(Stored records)
....
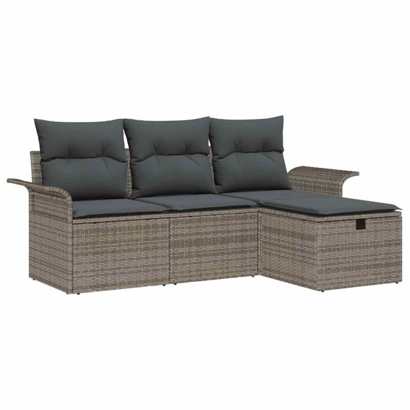 Градински Софа Комплект с възглавница 4 pcs Сив полиратан
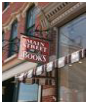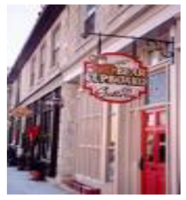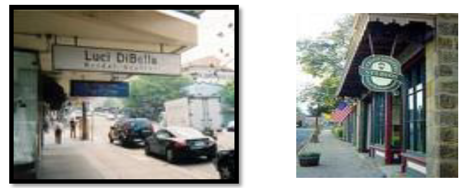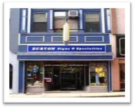 • The storefront sign should be used to display primarily the name of the business only. Use only one line of lettering if possible, leaving out secondary information.
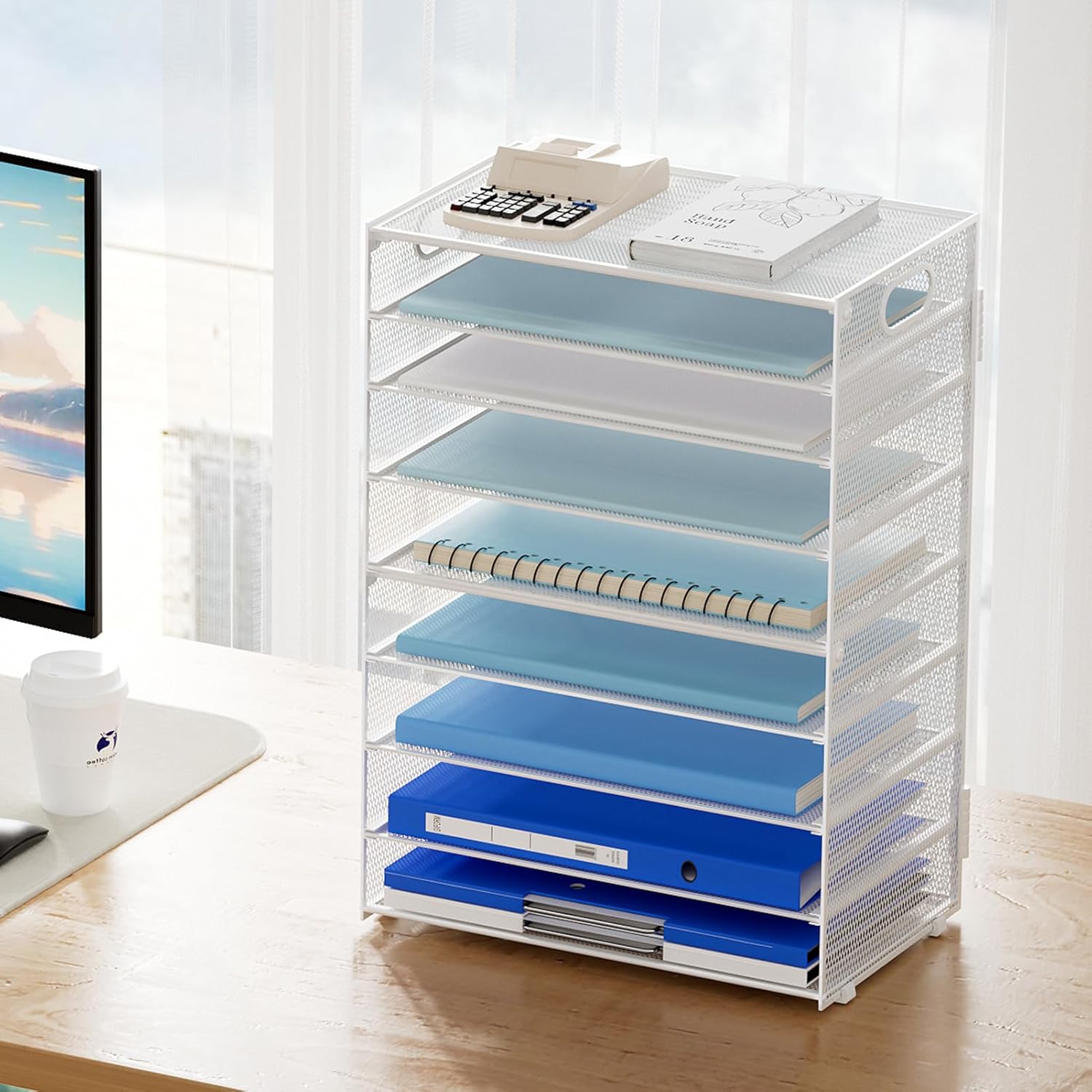 Marbrasse Paper Organizer Letter Tray, 9 Tier Mesh File Organizer with Handle, Paper Sorter Desk Organizer for Home Office Supplies - White
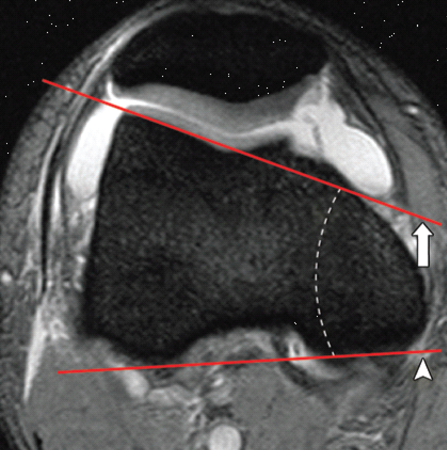 Figure 3: Lateral trochlear inclination assessed on axial fat-saturated T2-weighted MR images. A line (arrow) is drawn along the subchondral bone of the lateral trochlear facet, and a second line (arrow head) is drawn along the posterior aspect of the femoral condyles. The angle between the two lines is the inclination angle (dashed line). An inclination angle of less than 11° indicates trochlear dysplasia.
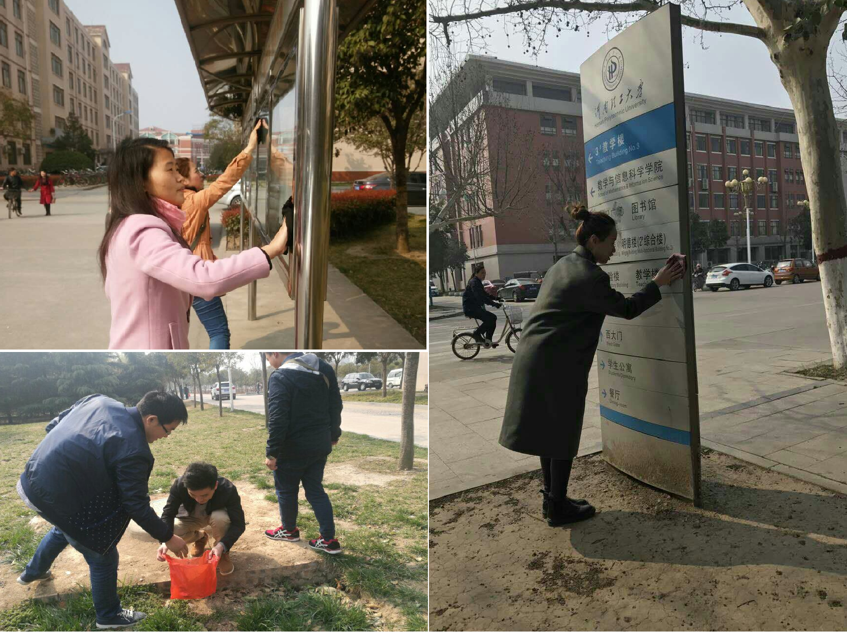 2016级研究生党支部书记王佳琪统一分配任务,支部党员和积极分子通力配合积极参与,对春秋大道左右两侧草坪及附近道路进行分工清理。同学们认真清理垃圾,不怕脏,不喊累,相互配合。经过一番努力,林间小道、草坪深处已不见塑料袋,瓜皮纸屑的踪影。路旁的指路牌也被擦拭的一尘不染,小广告被清理的干干净净,路过的广大师生纷纷点赞。
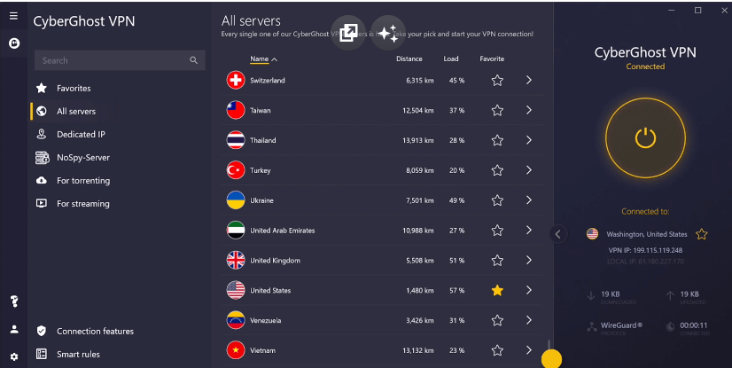 Il s'agit d'un VPN rapide et sécurisé avec lequel vous pouvez regarder n'importe quel film n'importe où. Il est livré avec un cryptage puissant de qualité militaire AES-256 bits. C’est l’un de ces VPN qui ne cesse d’augmenter le nombre de ses serveurs. Il est capable de débloquer Netflix, Amazon, Disney+ et diverses autres plateformes de streaming, comme le montre cet article de revue de CyberGhost VPN.
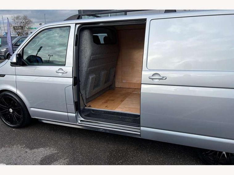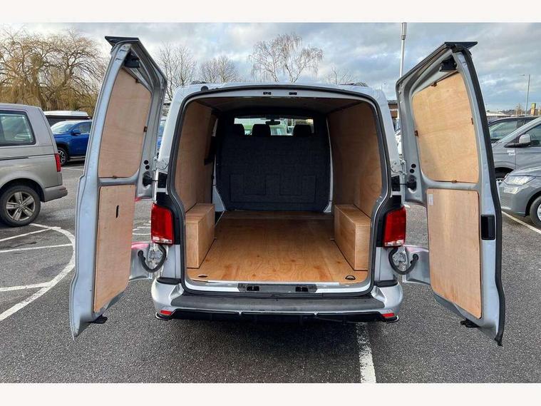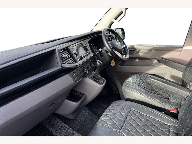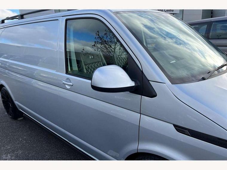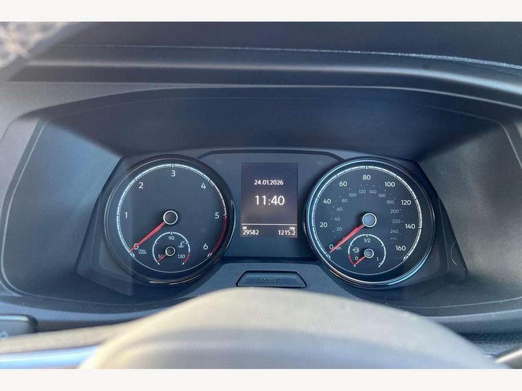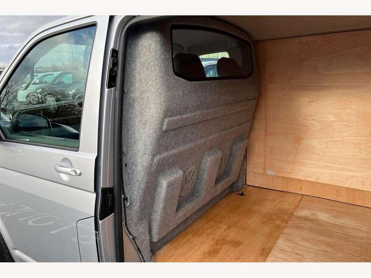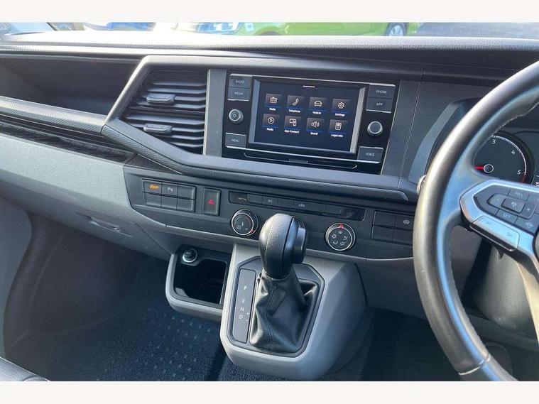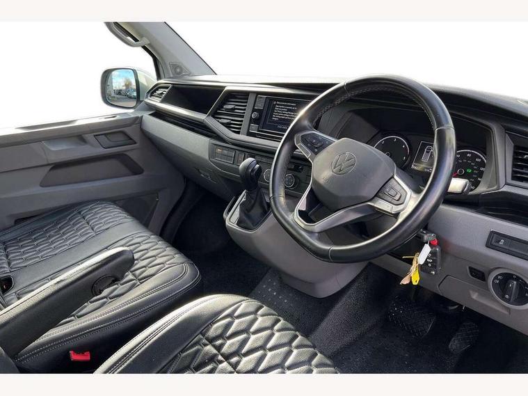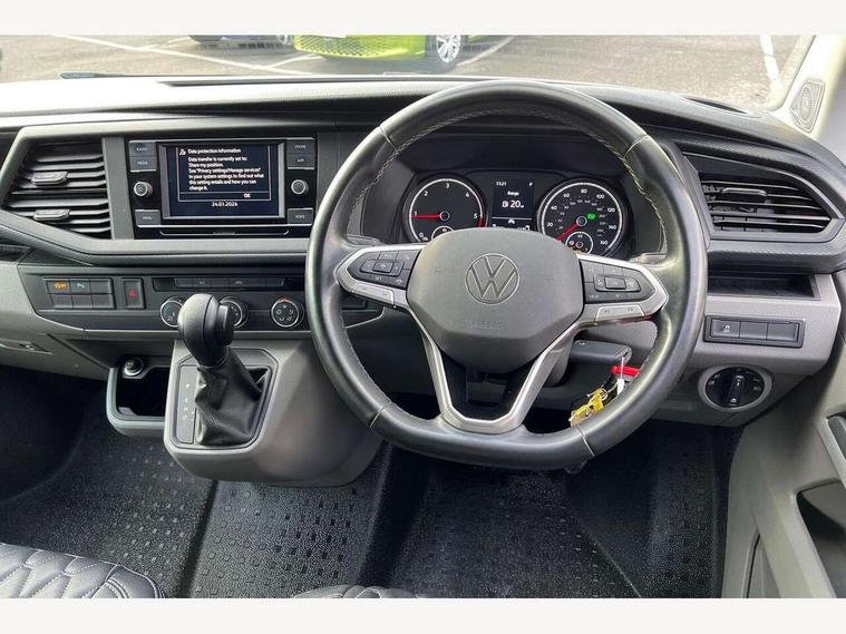 Adaptive cruise control, Cross wind assist, Dimmable illuminated instruments, Driver alert with Multi-function display plus, eCall emergency system, Forward collision warning front assist with autonomous emergency braking, Mobile phone interface, Multi function display plus with black and white display, 2 USB interfaces type C in dashboard, 4 speakers with 2 tweeters and 2 woofers, Composition colour radio with 6.5" touchscreen, Digital radio reception (DAB+), Volkswagen app connect, Automatic headlight control, leaving home and manual coming home feature, Closing rear wing door with unlatching from the inside, Front fog lamps with cornering light, Heat insulating glass (green) in cab and passenger/load compartment, Heated front windscreen, Left convex exterior mirror, Power folding adjustable door mirrors with separately heated, Radiator grille with 2 chrome trims, Rear wing doors without window apertures, Right convex exterior mirror, Transporter nameplate on the rear fender, Windshield wiper intermittent control with rain sensor for windshield wipers, 3 spoke leather wrapped multi function steering wheel, Auto dimming breakaway interior rear view mirror, Comfort headliner in cab, hardboard roof trim in passenger and load compartment, Dust/pollen filter, Front and rear left without window closed side panel in load compartment, Front seats on the right in 1st row of seat, Glove compartment with illumination, Heavy duty tool kit and jack, High partition, Interior plastic loading edge protection, LED Interior lighting in load and passenger compartment, Manual adjustable lumbar support for right single seat in 1st row seats, Refrigerant R134a, Standard lower part dashboard in palladium, Storage compartments on cab seats and reading light, Without right side window apertures in passenger and load compartment, Comfort pack - Transporter, Exterior pack without fog light- Transporter, Non smoker pack - Transporter, 3 point height adjustable seat belts on outer seats cab with electric pretensioners, Driver and front passenger airbag with front passenger airbag deactivation, Warning buzzer and light for driver and front passenger seat belt not fastened, Without child safety lock in passenger compartment, Anti theft alarm system with interior monitoring in cab, backup horn and towing protection, Lockable wheel bolts, 16" chassis with 16" brake system, Diesel particulate filter, Electronic stability control, ABS, ASR with deactivation button, hill start assist and brake assist system, Start/stop system with regenerative breaking, 16" Clayton alloy wheels,
....
• _Work order_
The line containing "Figure 3: Lateral" marks the end: copy exactly every line from the start of the records up to and including it, leaving out the pictures.

• _Result_
 Градински Софа Комплект с възглавница 4 pcs Сив полиратан
 • The storefront sign should be used to display primarily the name of the business only. Use only one line of lettering if possible, leaving out secondary information.
 Marbrasse Paper Organizer Letter Tray, 9 Tier Mesh File Organizer with Handle, Paper Sorter Desk Organizer for Home Office Supplies - White
 Figure 3: Lateral trochlear inclination assessed on axial fat-saturated T2-weighted MR images. A line (arrow) is drawn along the subchondral bone of the lateral trochlear facet, and a second line (arrow head) is drawn along the posterior aspect of the femoral condyles. The angle between the two lines is the inclination angle (dashed line). An inclination angle of less than 11° indicates trochlear dysplasia.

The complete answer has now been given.